2) Binnenkoorts, gelarveerde K. Deze vorm komt nog veelvuldiger en vooral algemeener voor dan de vorige. Zij is niet in de karakteristieke drie tijdperken verdeeld, maar verbergt zich onder verschillende ziekteverschijnselen, wier aard alleen te herkennen is door hun regelmatigen terugkeer na tusschenpoozen van volkomen gezondheid. Er bestaat dan óf een zeker onbehagelijk gevoel bij droge huid met hoofd-, tand- of aangezichtspijn, óf er ontstaat een matig gevoel van koude met misselijkheid en verstopping, óf er wordt over eene verhoogde prikkelbaarheid in het geheele zenuwstelsel of op enkele plaatsen geklaagd. Ook vorming van blaren op de huid, z.g. netelroos, kan aldus ontstaan.

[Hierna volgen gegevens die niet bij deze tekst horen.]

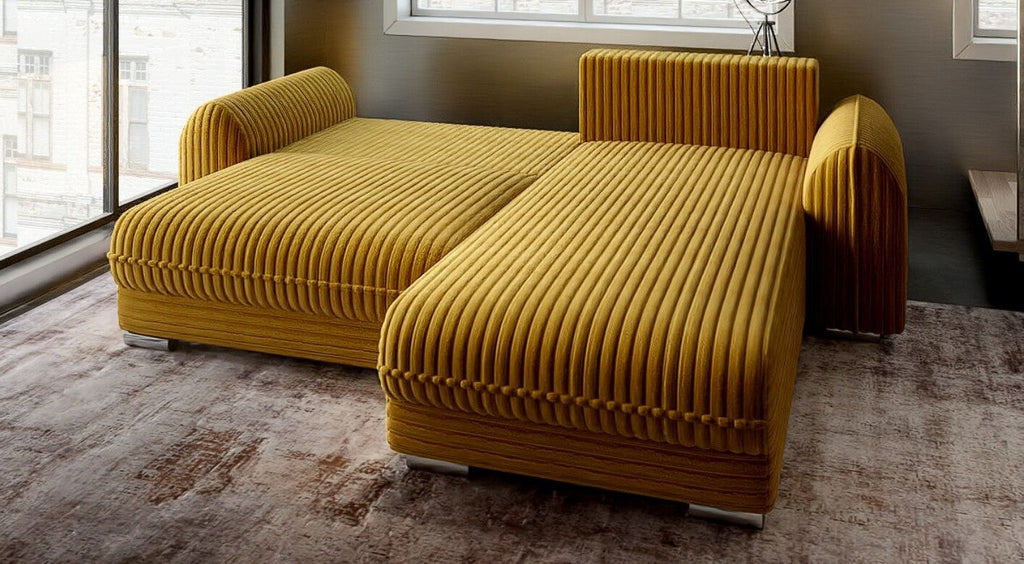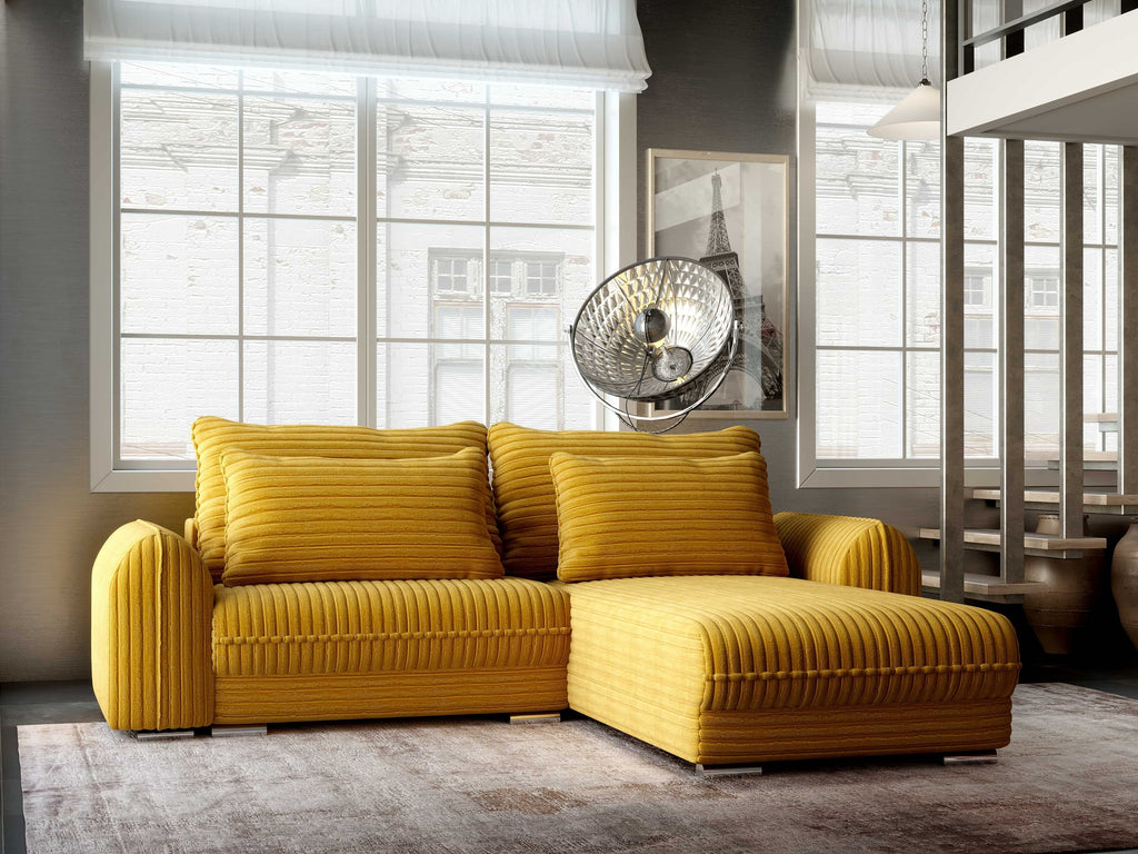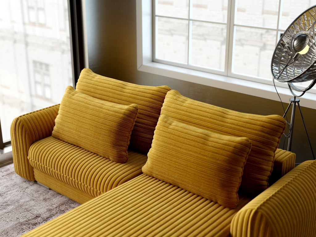Colțar extensibil dumonde cu ladă de depozitare si sezut confortabil din spuma HR, Denver Ambience Mustar 275x185 cm II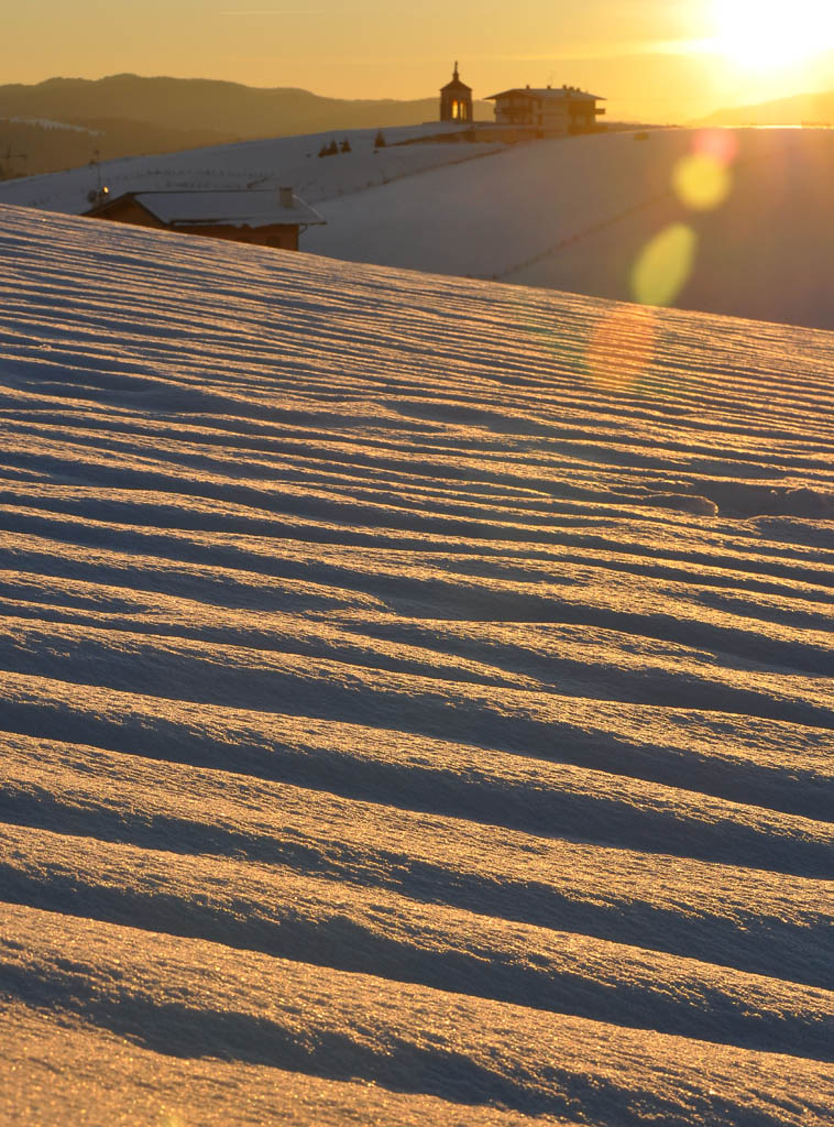 Il flare l'hai sfruttato molto bene (che obiettivo hai usato), mi piace anche come la luce modella la neve e come sono stati resi i vari piani dell'immagine, in definitiva un gran bello scatto (senza il tetto sulla sinistra mi sarebbe piaciuto ancora di più) Ok!

3) Pernicieuse koortsen. Deze nemen óf een zwaar, levensgevaarlijk karakter aan, zonder haar gewonen vorm te veranderen, óf er ontwikkelen zich andere, eigenaardige, dreigende verschijnselen, die niets van het oorspronkelijke ziektebeeld overlaten. Zelden komen zij reeds bij den eersten koortsaanval voor, meestal gaan meerdere, dikwijls vele aanvallen vooraf, waaruit zich dan eerst, door opeenhooping van het gift, de pernicieuse verschijnselen ontwikkelen. In eenige gevallen treden de hersen- en zenuwverschijnselen op den. voorgrond, zoodat zij aan een aanval van beroerte of hersenontsteking doen denken, in andere gevallen is de maag vooral aangedaan en ontstaat het ziektebeeld dat onder „galkoorts”- (zie ald.) bekend is. In nog andere doen de verschijnselen (overvloedig braken, rijstwaterachtige ontlasting, kuitkrampen, kleverig en koud zweet) aan cholera denken. De zwaarste gevallen zijn die waarbij plotseling geelzucht optreedt, terwijl de urine en later ook de ontlasting door bloed gekleurd is; deze koorts is in de gematigde luchtstreken zeldzaam, in de tropen daarentegen komt zij op bepaalde plaatsen veelvuldig voor; dan pleegt na eenige schijnbaar lichte, gewone aanvallen zonder bepaalde voorboden plotseling bloed-wateren op te treden, dat na iederen aanval weder verdwijnt. Behandeling: het hoofdmiddel is bij dezen vorm evenals bij andere pernicieuse vormen kinine in groote giften, hetzij door den mond of als lavement. De tijd waarop de kinine gegeven wordt is hier onverschillig, daar het doel is, zoo spoedig mogelijk groote giften kinine in het lichaam te voeren.